Um ihre Annahme zu überprüfen, haben die Forschenden aus Ulm, Düsseldorf und Wien ein zweistufiges Studiendesign gewählt. Bei Zellen aus dem Mausmodell entfernten sie zunächst den Glucocorticoid-Rezeptor mithilfe der Genschere CRISPR-Cas9 oder durch Gen-Knockout. Somit konnten die Aktivitäten des Onkogens RAS unbeeinflusst vom Rezeptor untersucht werden. Inwiefern steuert RAS das Zellteilungsverhalten und somit das Tumorwachstum? Solchen Fragen sind die Forschenden unter anderem mithilfe von Durchflusszytometrie und Phosphorylierungsnachweis von Signalmolekülen, Genexpressionsanalyen und Immunofluoreszenz-Mikroskopie nachgegangen. In der zweiten Stufe untersuchten sie anhand von Lungenkarzinom-Zellen mit RAS-Mutation, ob diese noch Tumore im Modell bilden können, wenn der Glucocorticoid-Rezeptor fehlt.

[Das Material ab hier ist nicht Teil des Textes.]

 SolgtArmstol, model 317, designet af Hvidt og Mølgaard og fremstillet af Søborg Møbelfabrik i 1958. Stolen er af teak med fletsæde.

In ihrer aktuellen Publikation beschreiben die Autorinnen und Autoren gleich mehrere interessante Entdeckungen: Außerhalb des Zellkerns, im Zytoplasma, befinden sich sowohl der Glucocorticoid-Rezeptor als auch das Onkogen RAS und weitere Moleküle in größeren Proteinkomplexen. Ist der Rezeptor bereits in den Zellkern gewandert oder wurde er mit molekularbiologischen Methoden entfernt, waren das „Krebs-Gen“ und seine Signalwege deutlich aktiver. Im Umkehrschluss scheint der Glucocorticoid-Rezeptor RAS ausbremsen zu können. „Mit unseren Untersuchungen konnten wir die Hypothese vorerst bestätigen: RAS-Proteine stehen tatsächlich in Wechselwirkung mit dem Glucocorticoid-Rezeptor, und dieses Zusammenspiel kann offenbar die Aktivität von RAS als Tumortreiber verringern“, resümiert die Erstautorin, Dr. Bozhena Caratti, die an der Universität Ulm promoviert hat.

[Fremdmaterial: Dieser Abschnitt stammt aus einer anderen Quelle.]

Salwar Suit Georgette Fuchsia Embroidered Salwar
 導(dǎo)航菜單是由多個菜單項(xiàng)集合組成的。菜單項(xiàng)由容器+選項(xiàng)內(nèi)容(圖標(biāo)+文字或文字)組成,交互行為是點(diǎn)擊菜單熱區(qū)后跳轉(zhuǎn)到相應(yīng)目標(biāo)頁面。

Forschungsergebnisse wahrscheinlich auf den Menschen übertragbar

Soweit die Forschenden wissen, handelt es sich um die weltweit erste Studie zur tumorhemmenden Wechselwirkung des RAS-Onkogens mit einem Rezeptor in einem Proteinkomplex. „Gelingt es, das Zusammenspiel zwischen RAS und Glucocorticoid-Rezeptor zu verstärken, könnte dies der Entstehung von Lungenkrebs vorbeugen“, erklärt Professor Jan Tuckermann, Leiter des Ulmer Instituts für Molekulare Endokrinologie der Tiere. Allerdings müssten zunächst die Wechselwirkungen des Glucocorticoid-Rezeptors mit RAS und der Proteinkomplex weiter charakterisiert werden. Erst dann kann über konkretere therapeutische Ansätze oder präklinische Studien nachgedacht werden.
Ansonsten könnten sich die Forschungsergebnisse durchaus auf den Menschen übertragen lassen: „Datenbank-Analysen zu Patientinnen und Patienten mit Lungenkarzinomen zeigen, dass ein herunterregulierter Glucocorticoid-Rezeptor mit einer schlechteren Prognose verbunden ist“, ergänzt Dr. Herwig Moll von der Medizinischen Universität Wien.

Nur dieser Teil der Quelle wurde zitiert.